DIRECTIONS FOR THIS TASK:
Only the lines below from the one containing "为了保障封控期间日常维保的2" through the one containing "Abrigo de cuello" belong in the answer, repeated exactly and without pictures.

DATASET ENTRIES:

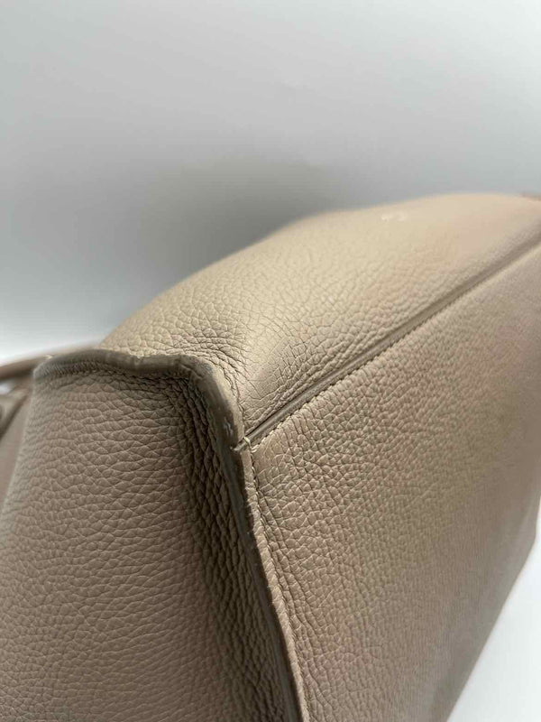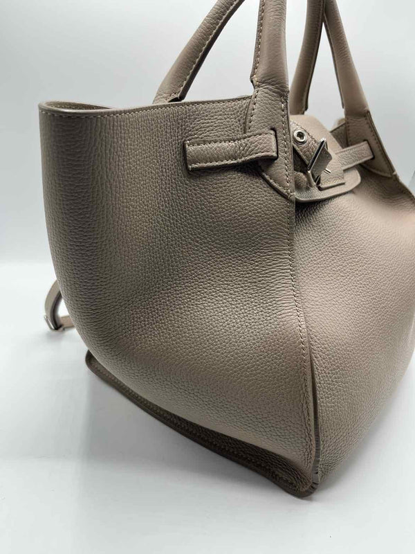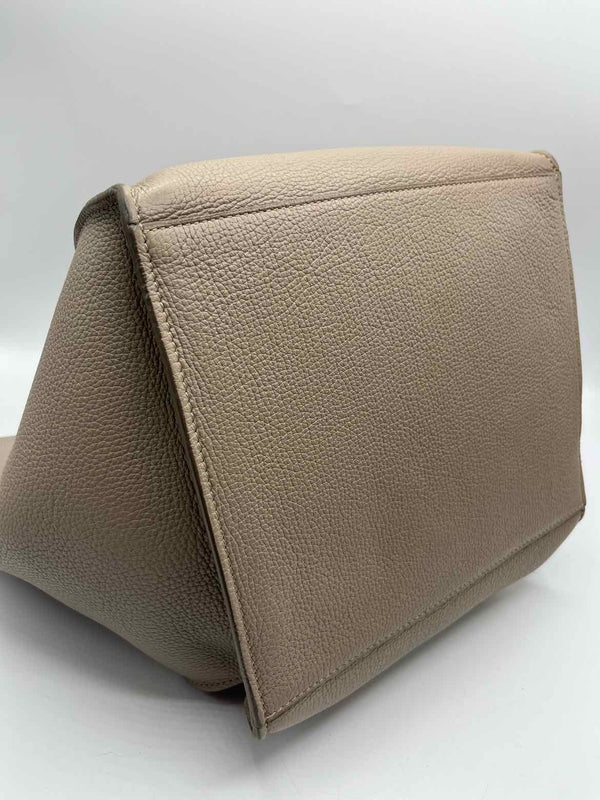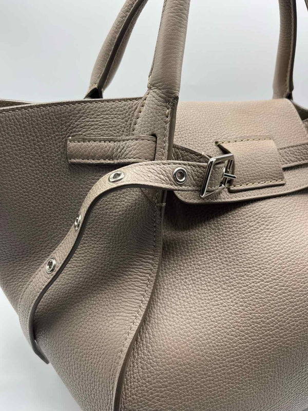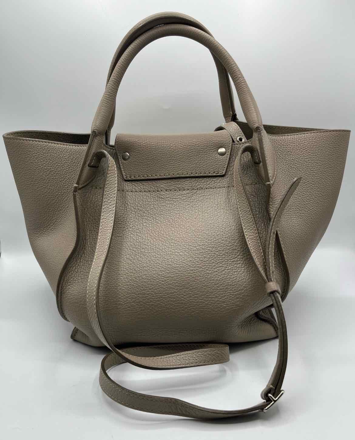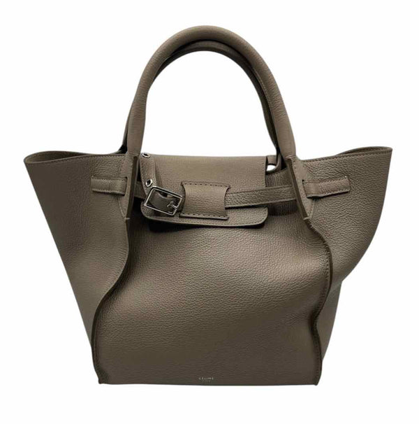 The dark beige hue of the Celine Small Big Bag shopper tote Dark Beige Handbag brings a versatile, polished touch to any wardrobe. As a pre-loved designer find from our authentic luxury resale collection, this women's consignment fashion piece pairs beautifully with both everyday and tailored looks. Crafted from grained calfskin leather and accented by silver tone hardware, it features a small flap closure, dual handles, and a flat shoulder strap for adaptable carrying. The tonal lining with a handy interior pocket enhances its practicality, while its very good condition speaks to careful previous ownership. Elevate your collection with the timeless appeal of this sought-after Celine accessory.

* * *

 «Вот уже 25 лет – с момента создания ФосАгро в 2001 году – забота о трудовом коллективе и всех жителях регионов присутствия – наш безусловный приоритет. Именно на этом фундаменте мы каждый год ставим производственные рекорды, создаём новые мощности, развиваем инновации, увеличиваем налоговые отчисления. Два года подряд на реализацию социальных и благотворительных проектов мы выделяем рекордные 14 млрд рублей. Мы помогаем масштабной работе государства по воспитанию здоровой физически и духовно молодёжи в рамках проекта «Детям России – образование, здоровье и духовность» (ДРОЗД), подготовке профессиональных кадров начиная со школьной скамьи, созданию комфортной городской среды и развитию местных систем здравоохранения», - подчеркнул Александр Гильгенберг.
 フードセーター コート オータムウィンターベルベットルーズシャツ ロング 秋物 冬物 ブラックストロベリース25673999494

---

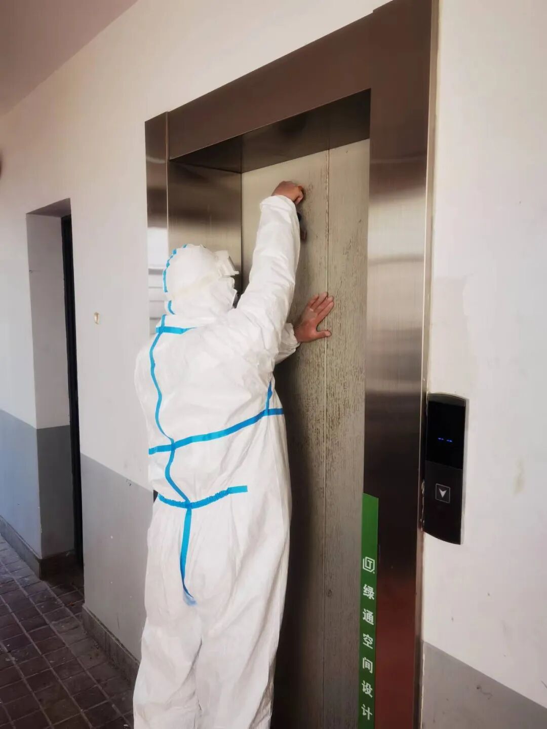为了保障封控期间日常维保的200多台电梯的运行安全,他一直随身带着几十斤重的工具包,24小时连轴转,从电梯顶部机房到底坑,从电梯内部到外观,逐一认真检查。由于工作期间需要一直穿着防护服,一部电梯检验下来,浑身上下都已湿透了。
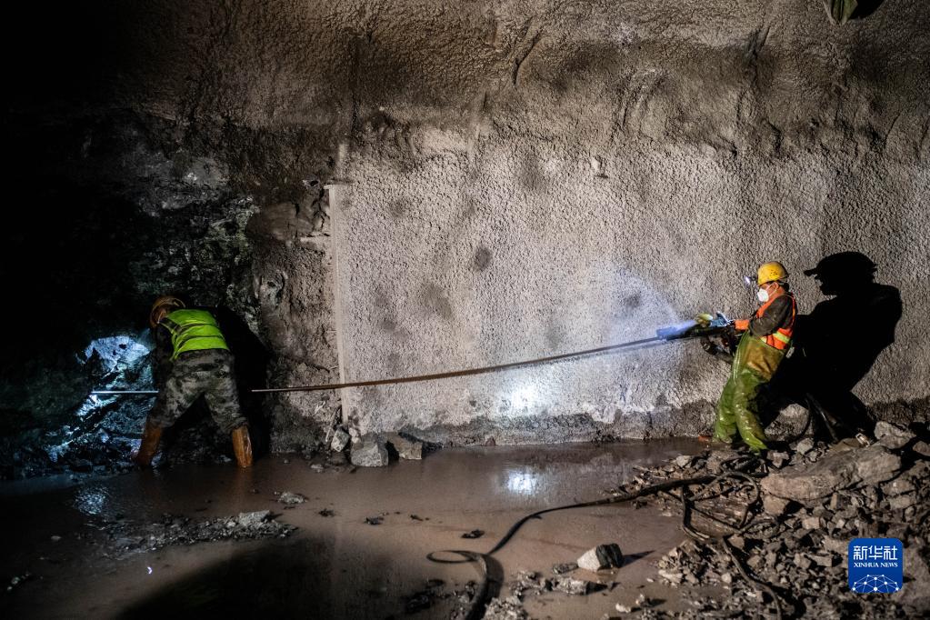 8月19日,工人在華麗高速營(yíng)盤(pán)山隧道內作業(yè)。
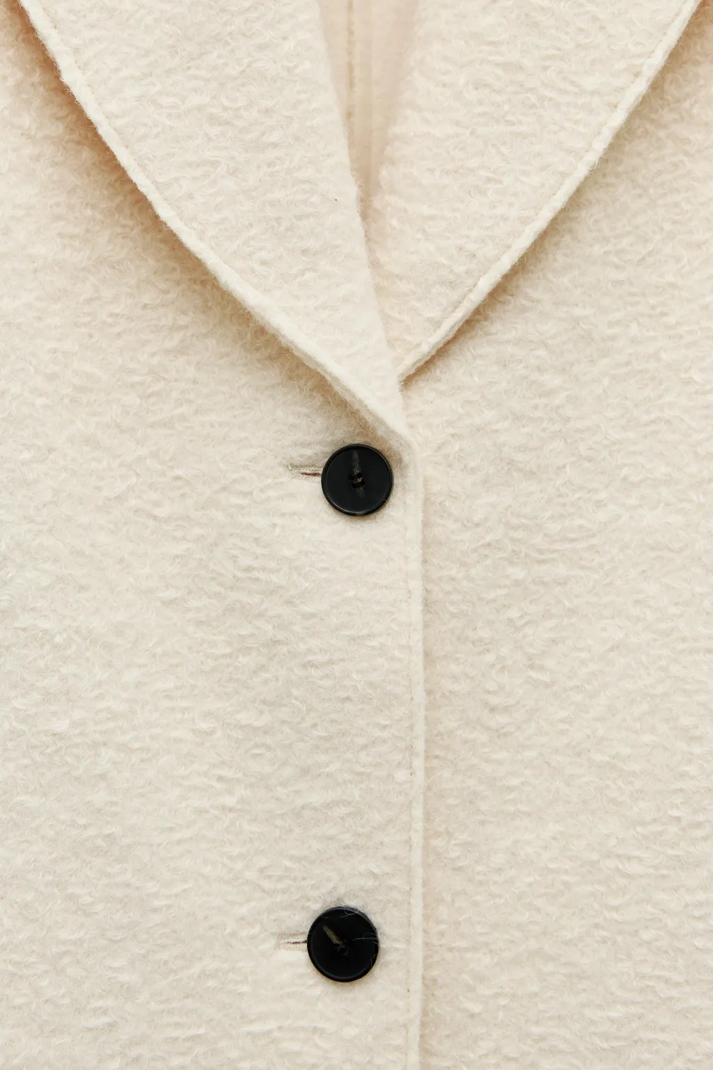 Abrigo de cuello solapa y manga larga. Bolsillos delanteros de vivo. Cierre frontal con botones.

EXERCISE RESPONSE:
为了保障封控期间日常维保的200多台电梯的运行安全,他一直随身带着几十斤重的工具包,24小时连轴转,从电梯顶部机房到底坑,从电梯内部到外观,逐一认真检查。由于工作期间需要一直穿着防护服,一部电梯检验下来,浑身上下都已湿透了。
 8月19日,工人在華麗高速營(yíng)盤(pán)山隧道內作業(yè)。
 Abrigo de cuello solapa y manga larga. Bolsillos delanteros de vivo. Cierre frontal con botones.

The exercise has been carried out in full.